Advantages: Photogrammetry delivers high detail for static models, making it ideal for environments where visual fidelity is paramount. Gaussian splatting, however, produces lightweight files and enables real-time rendering, providing greater flexibility for interactive applications.

Disadvantages: Photogrammetry requires time-consuming stitching and produces large file sizes, unlike the faster and more efficient Gaussian splatting.

Use Case: Static and detailed environments where time is not a constraint but visual fidelity is key.

Gaussian Splatting vs NeRFs

Advantages: Gaussian splatting excels in speed, lightweight file sizes, and its suitability for interactive environments.

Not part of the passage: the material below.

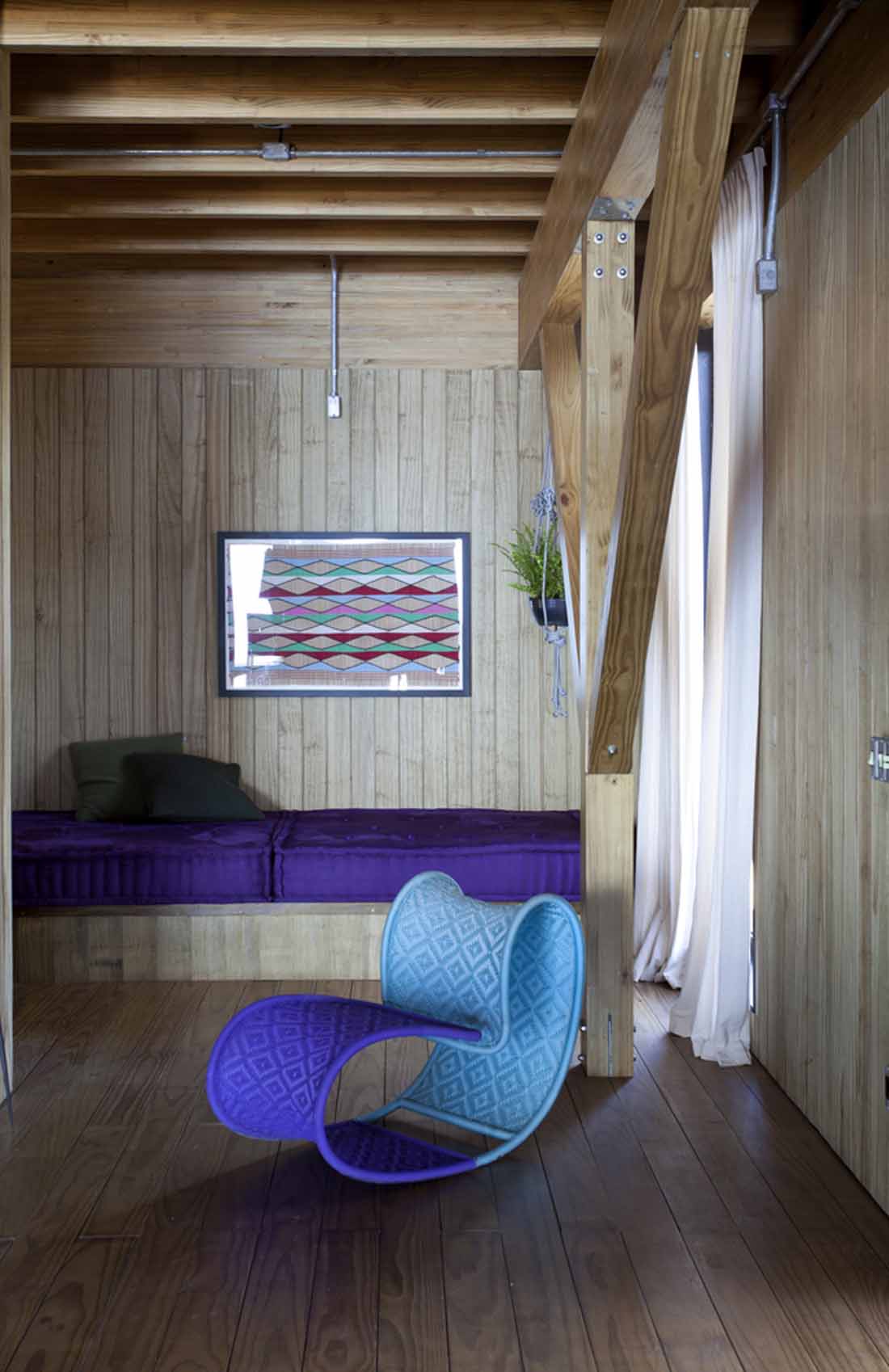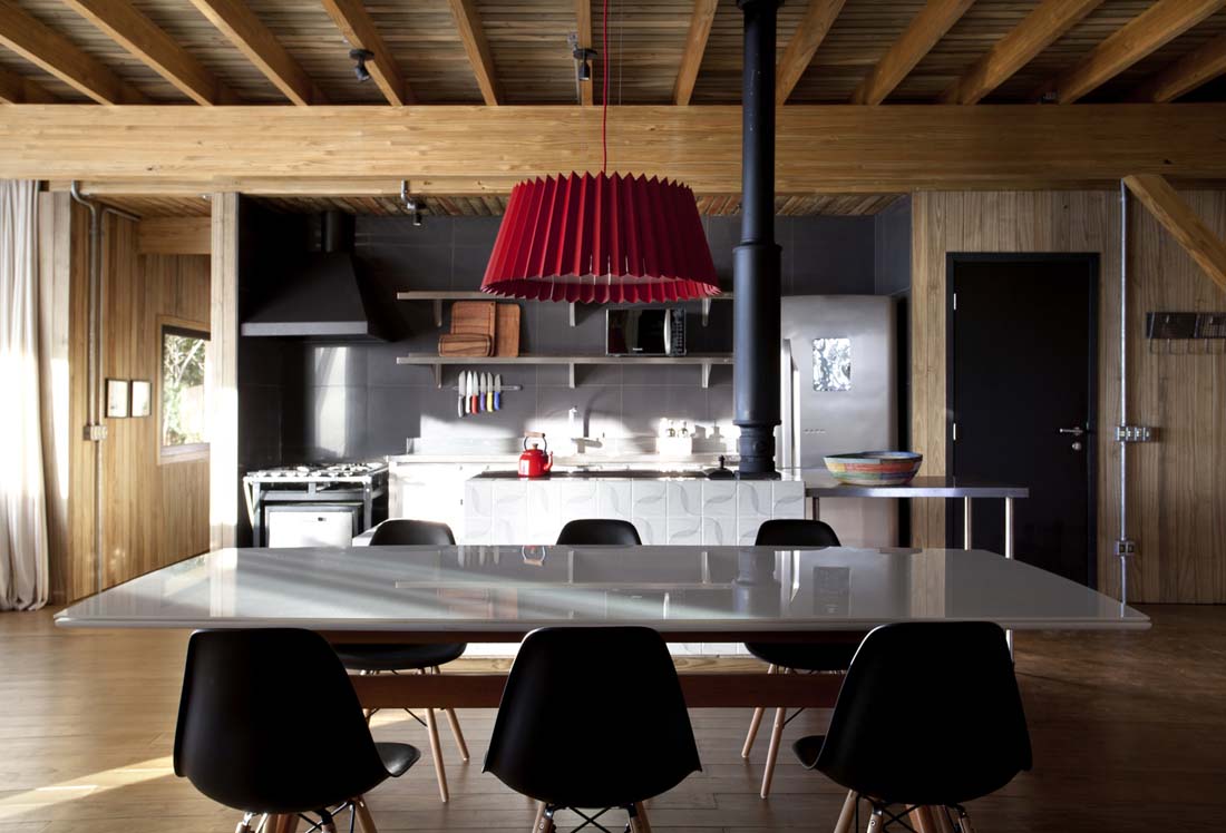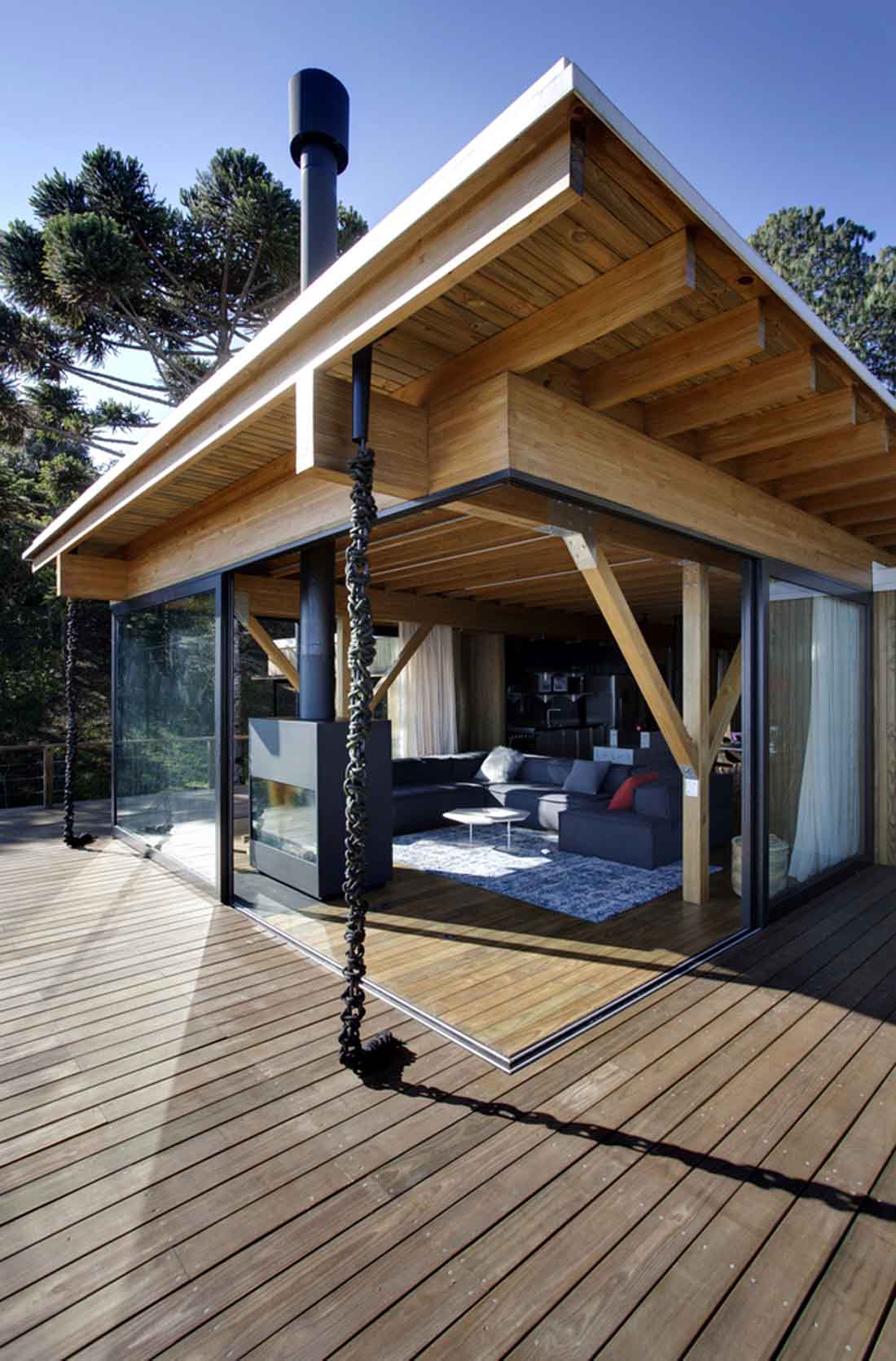 Bocaina住宅位于Serra da Bocaina的黄金地段,是一栋完全以木质结构体系建造的房屋:大块木材和木结构。除了用于支撑房屋的混凝土板和带有木柱的桩外,整个项目均采用松木建造。

NeRFs shine in capturing dense radiance fields for static scenes with exceptional detail.

Disadvantages: NeRFs are computationally intensive and slower to render, making them less ideal for real-time applications.

Use Case: Choose Gaussian splatting for interactive 3D visualizations with reflections and transparency, while NeRFs are better suited for static, highly detailed scenes.

What’s Better: Gaussian Splatting, NeRFs, or Photogrammetry?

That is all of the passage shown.